As it began work, the SWAP team didn't want just to talk about grant writing. The members wanted to actually write grant proposals. So they established a grant-writing workshop, facilitated by Roy and Elizabeth Creamer, advisor for the Liberal Arts and Sciences program, and invited Virginia Tech speakers such as Susan Reardon of University Development, Susan Eriksson of the Museum of Natural History, and Barbara Carlisle of theatre arts, who had experience with ways "to obtain money for projects you really believe in," Roy said. The speakers covered topics ranging from writing initial letters of inquiry to contacting sponsors to developing a list of major budget items.

With an affirmative-action grant from the EO/AA office, SWAP brought in Louis Fox and Kim Johnson-Bogart from the University of Washington to advise the group on making the program eligible for funding from external and internal sources and avoiding pitfalls of grant writing.

"I never really thought about our effort as being a particularly unique effort to bring about a service-learning component on a university campus until one of the consultants from the University of Washington described us as such," Creamer said. "Until Louis Fox said so, I didn't realize how unusual it was to bring together such a broad array of people from across campus and from the community before a Center for Service Learning had even been established."

Throughout the course of the workshop this summer, team members learned to network with each other and to team-write grant proposals.

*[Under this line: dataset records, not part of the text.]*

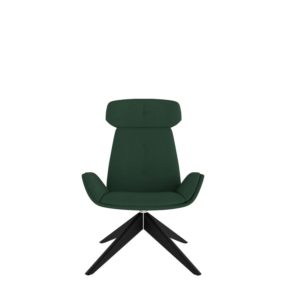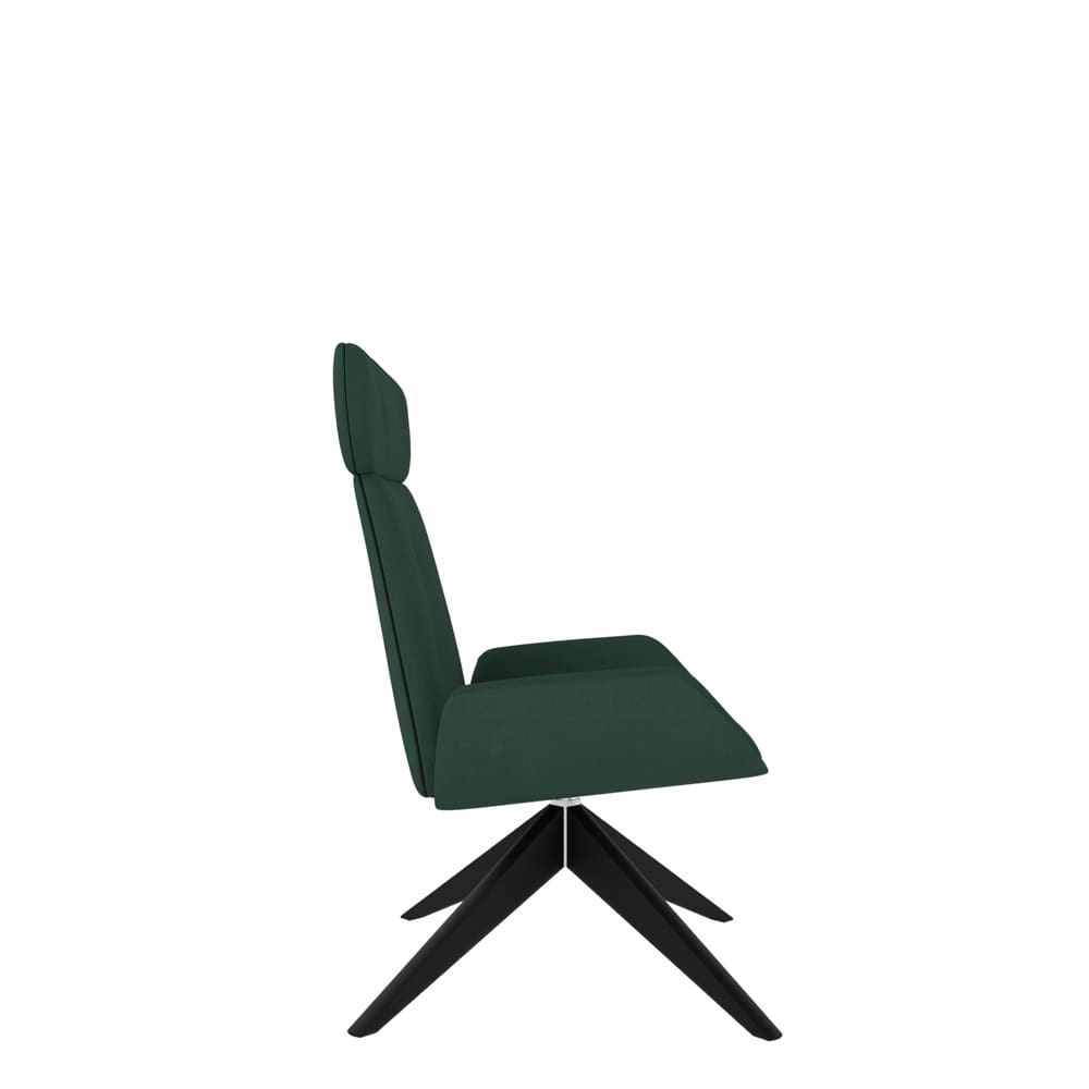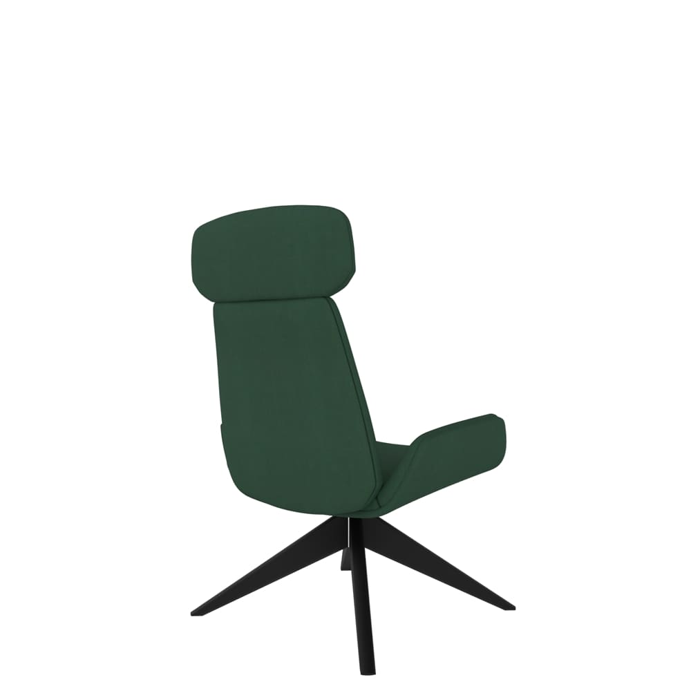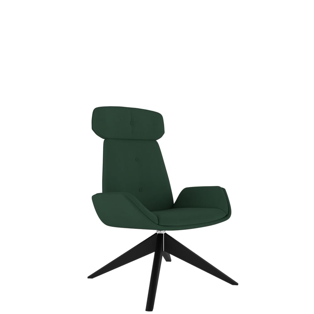 UPHOLSTERED LOUNGE ARM CHAIR WITH HEADREST AND BLACK PYRAMID BASE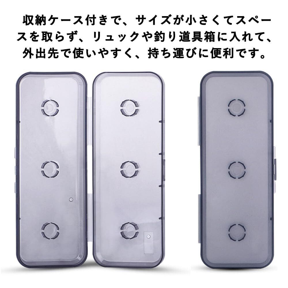 収納ケース付きで、サイズが小さくてスペースを取らず、リュックや釣り道具箱に入れて、外出先で使いやすく、持ち運びに便利です。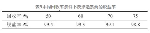 綜合考慮反滲透系統(tǒng)的運行壓力、回收率和脫鹽率等因素,確定系統(tǒng)在回收率為70%條件下運行時效果最好,此時操作壓力為8.0MPa,產(chǎn)出的淡水、濃水總鹽的質(zhì)量濃度分別為 114.6、0.4 g/L。
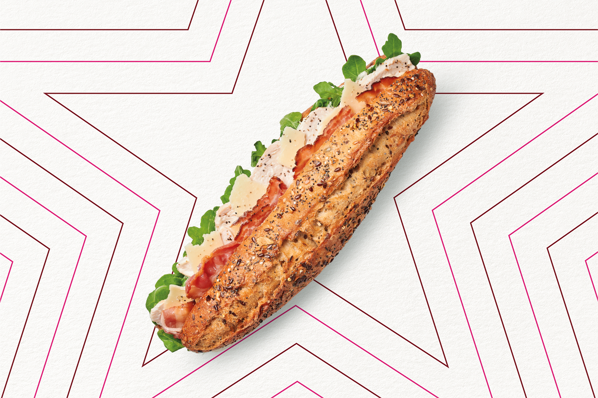 In einem Körnerbaguette servieren wir Hähnchenbrustfilets mit Caesar-Sauce, Speckscheiben aus Großbritannien, Rucolablättern und Parmesan.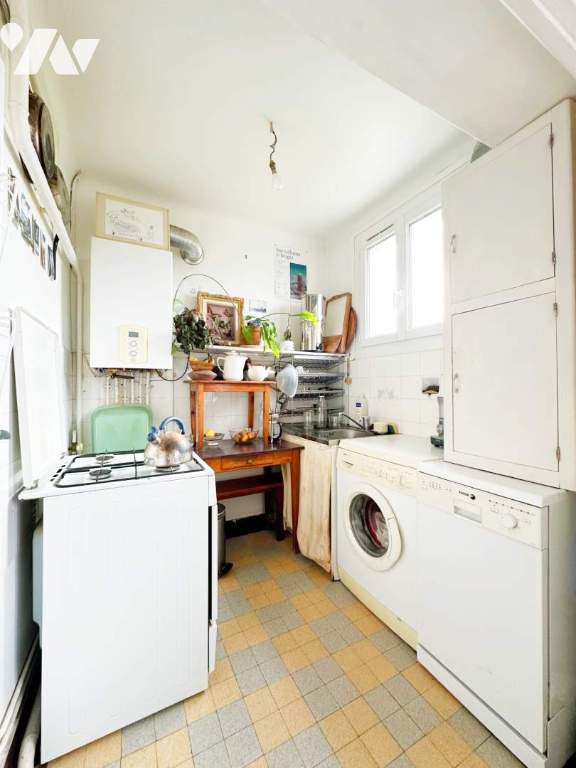 Une entrée avec placard desservant une cuisine semi-ouverte sur séjour, deux chambres, une salle d’eau, WC indépendant.
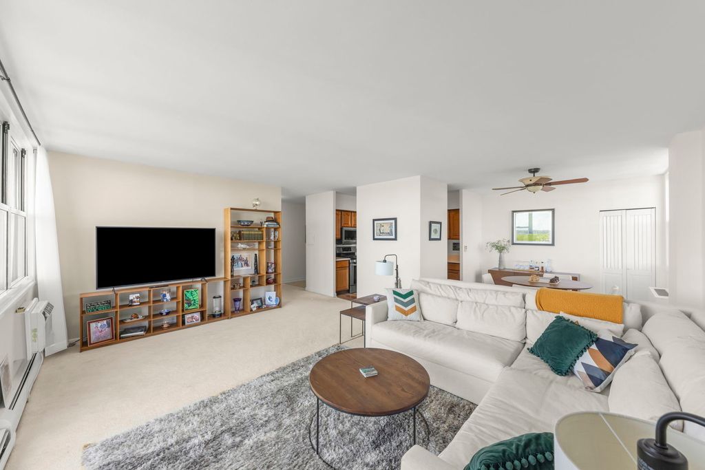 Welcome to 33 N Main St #11A, a stunning top floor, end-unit condo offering unbeatable views of the Chicago skyline from your private balcony. Perfectly positioned just steps from the Lombard Metra station and minutes to schools, parks, and all the dining and shopping of downtown Lombard, this home blends convenience with comfort. Inside, you'll find fresh updates including a brand-new microwave and stove, plus plush luxury carpet that adds a touch of elegance throughout. The spacious living area is filled with natural light, making it ideal for entertaining or simply relaxing while taking in the panoramic views. Retreat to your private balcony at the end of the day and enjoy city lights twinkling on the horizon. This secure, professionally managed building offers peace of mind and ease of living. With its prime location, modern updates, and rare skyline views, this condo is truly a standout opportunity. All utilities included in HOA fees & 2 Heated Parking Spots & Storage Unit.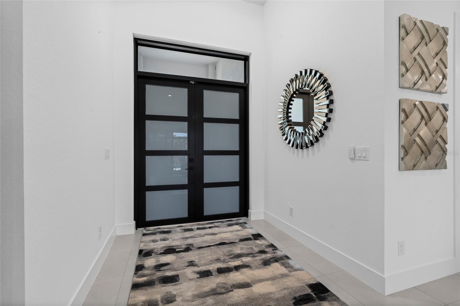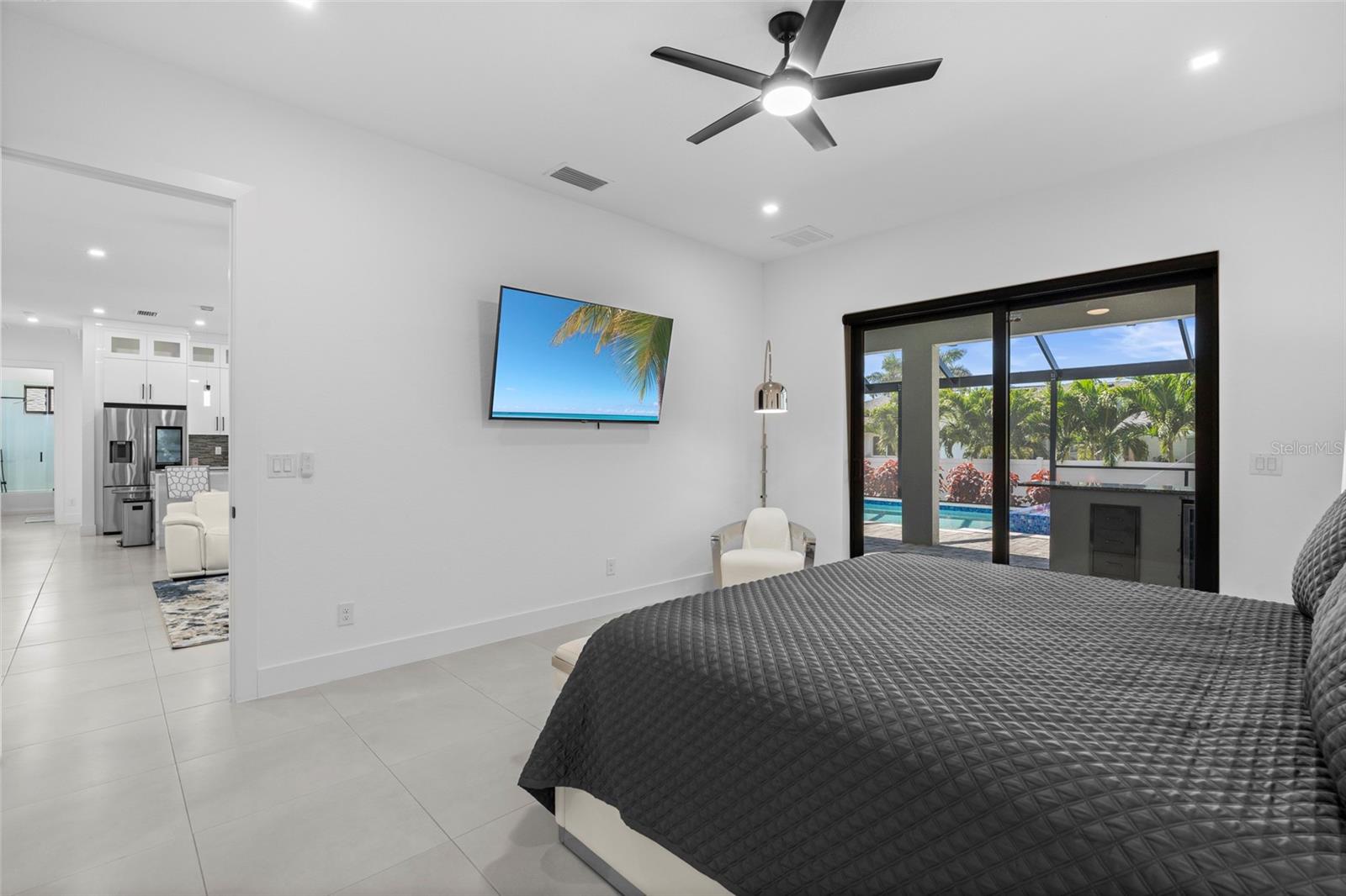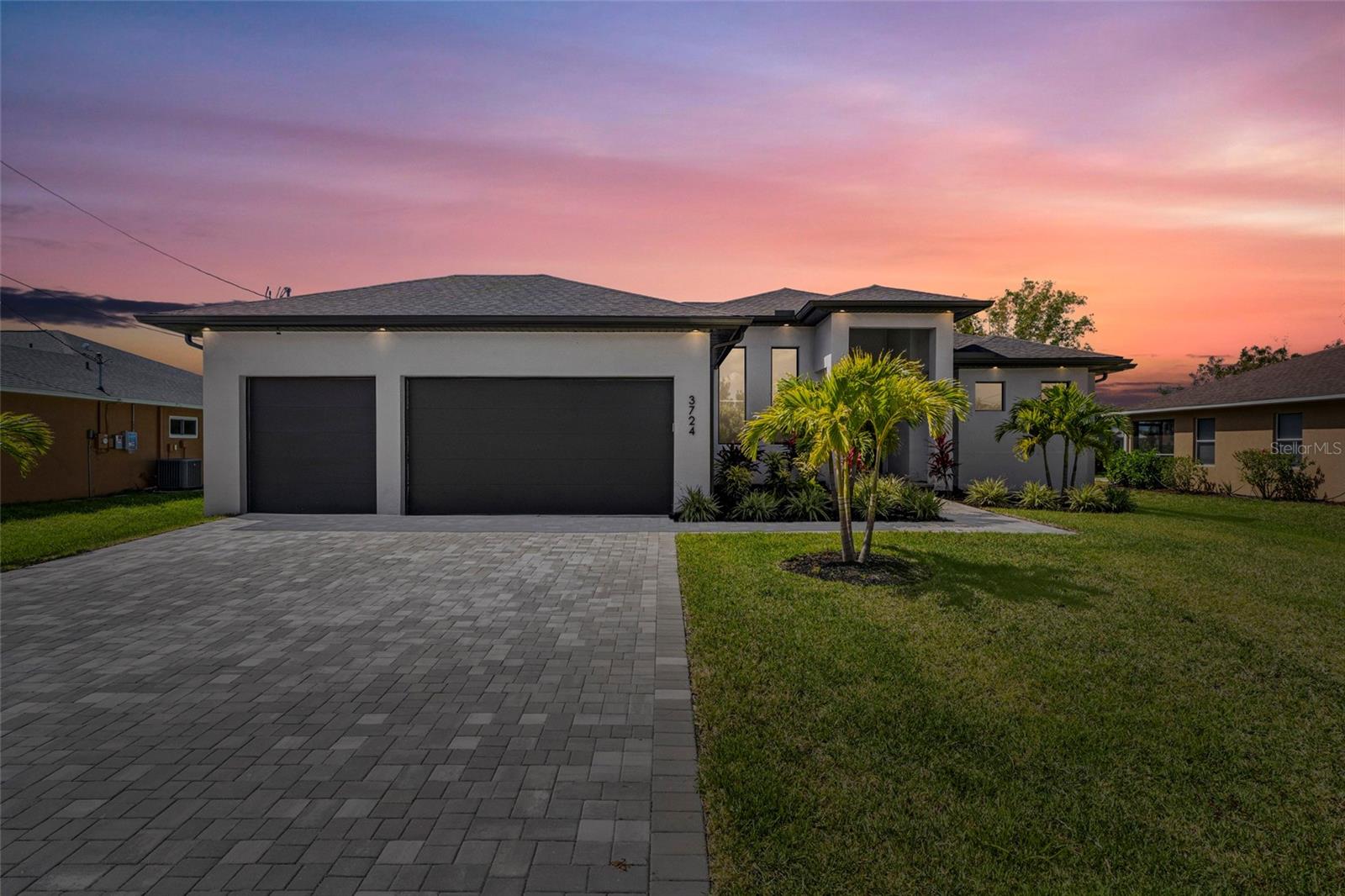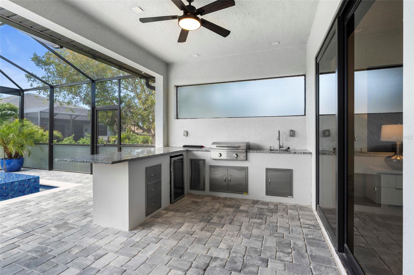 Enjoy luxury Florida living at its finest in this spectacular home featuring a heated, screened saltwater pool and spa, impact windows and doors, and high-end finishes throughout. Built in 2023, this professionally landscaped residence offers 4 bedrooms plus a den, 3 full bathrooms, and a 3-car garage, all thoughtfully designed for comfort, style, and functionality. From the moment you arrive, you’re welcomed by custom double front doors and elegant curb appeal. Inside, the home boasts 10-12' volume ceilings throughout, 18-inch tile flooring throughout, and a light, open layout curated with professionally designed decorative touches that elevate every space. The heart of the home is the custom kitchen, designed to impress with ceiling-height cabinetry, quartz countertops with a waterfall island, tiled backsplash, pantry closet, and modern stainless appliances. The spacious living and dining areas open seamlessly to the outdoors, where a covered paver patio, custom outdoor kitchen with grill, sink, beverage refrigerator, and bar seating, and a sundeck create the perfect backdrop for entertaining or relaxing in the sun. Retreat to the luxurious primary suite, featuring custom blinds, custom closet organizers in both walk-ins, and a spa-like en-suite bath with dual vanities, a free-standing soaking tub, and a walk-in tiled shower with dual rainfall and handheld showerheads. All bedrooms include closet organizers, and the main bathroom offers a full tub with a rainfall showerhead. The third bathroom serves as a cabana bath, complete with a tiled shower and rainfall showerhead for convenient access from the pool. This home is truly smart, with remote-controlled automatic blinds throughout and a security system that can be managed directly from your smartphone. The den provides a versatile space for work or play and includes a foosball table that stays with the home. Additional highlights include a zoned irrigation system, energy-efficient features, and all the thoughtful extras that make this home as practical as it is beautiful. Whether you're searching for your full-time residence, seasonal retreat, or an exceptional investment opportunity, this property delivers luxury and ease at every turn.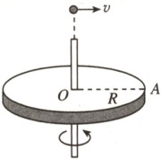 典题3:(多选)半径为$R$的水平圆盘绕过圆心$O$的竖直轴匀速转动,$A$为圆盘边缘上一点,在$O$的正上方有一个可视为质点的小球以初速度$v$水平抛出时,半径$OA$恰好与$v$的方向相同,如图所示,若要使小球与圆盘只碰一次,且落在$A$点,重力加速度为$g$,则圆盘转动的角速度可能为 (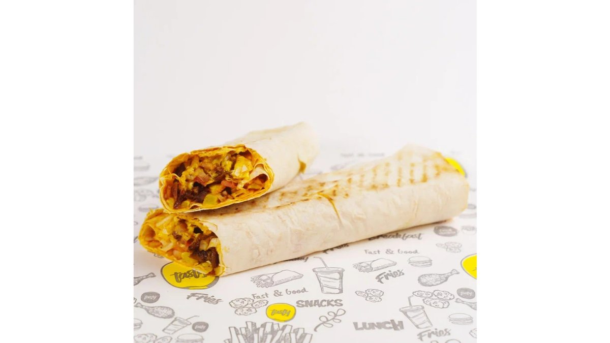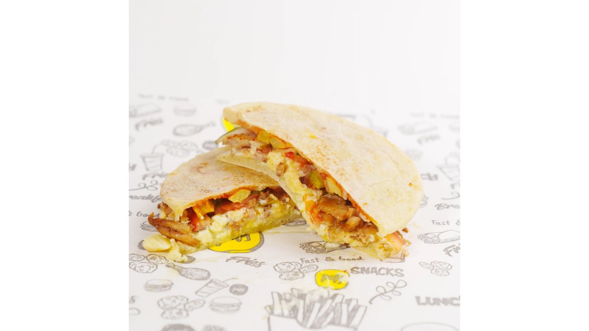 Пресная лепешка, говядина , фри,помидор,соленые огурцы, сыр чеддр,соус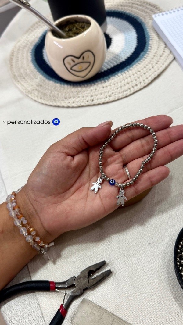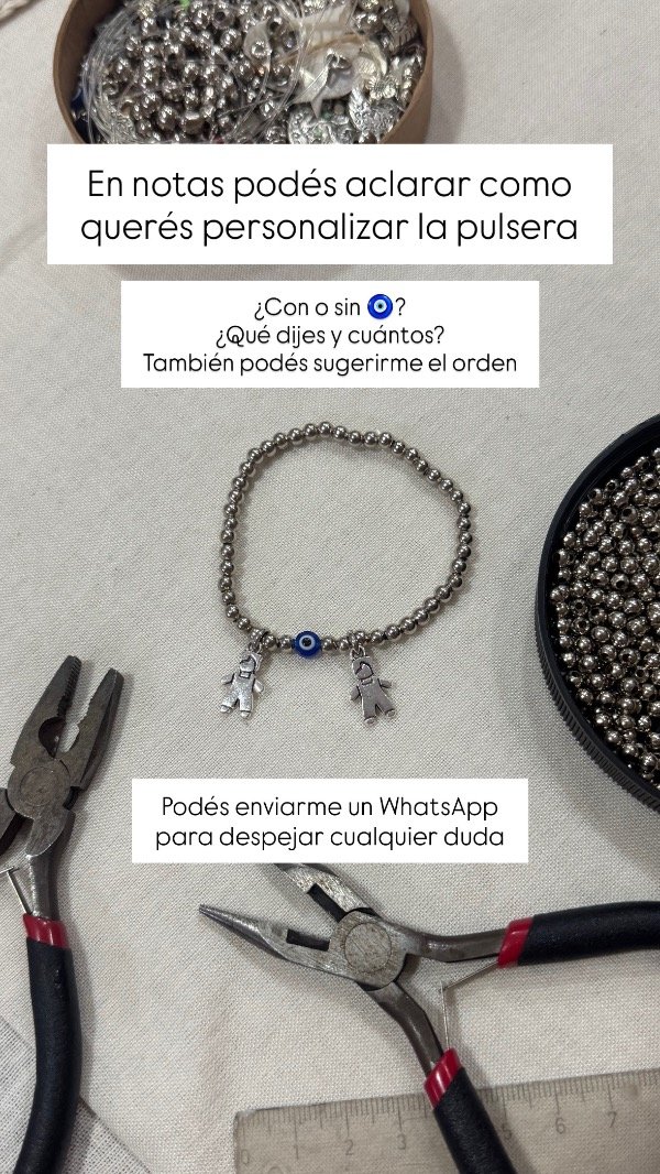 luego al realizar la compra, en NOTAS podés dejarme detallado si querés que tenga ojito turco o no + orden de niñas/os en la pulsera.

An example of the types of grant proposals is one called Project CI being put together by Detine Bowers in communication studies to fund the African American Museum in Christiansburg. "Most people don't know it exists, that it was founded in 1866, and that Booker T. Washington was on the advisory board," Roy said. "We plan to make it a center for African American culture in the heart of Southwest Virginia."

"The possibilities of Project CI for wedding the efforts of Virginia Tech students, staff, faculty, and CI alumni to educate regional and national audiences about the rich heritage of the African American school that served this region are enormous," Bowers said.

The service-learning program also plans to continue a project already begun, that of sending students to Lincoln Terrace Elementary School in Roanoke to teach first and second graders to read.

"All these projects will bring the community into the classroom and take the classroom out into the community," Roy said. "That excites us so much. By next year, we hope to have a thriving Service Learning Center on campus."

The team also involves such community-focus groups as the YMCA and the Virginia Action Council as equal partners.

"We have been told by a number of people that what we're doing has never been done before and that it would be impossible to bring so many different groups together, that we would be fragmentary and lose our purpose," Roy said. "That hasn't happened. We have been strengthened by our diversity and have every intent of working together until every student at Virginia Tech has an opportunity to participate in community service."

"This diverse grant-writing initiative is tremendous because it brings women and minority, faculty and administrators together to spark creative cooperative grant proposals related to service-learning," said Barbara Holcomb, co-director of the YMCA Student Programs and a workshop participant. "The YMCA is interested in seeing Virginia Tech embrace service-learning as a new pedagogy because service learning prepares students to be active, informed, and skillful citizens."

If service-learning works, students will be out working in the schools, women's centers and homeless shelters, will be working with ex-offenders and their families, and will be highly visible in Southwest Virginia. "That will result in a change in the relationship between this institution and the communities it serves," Roy said. "I can't think of a more profound way to change the general educational experience of our students at Virginia Tech than by pursuing this program."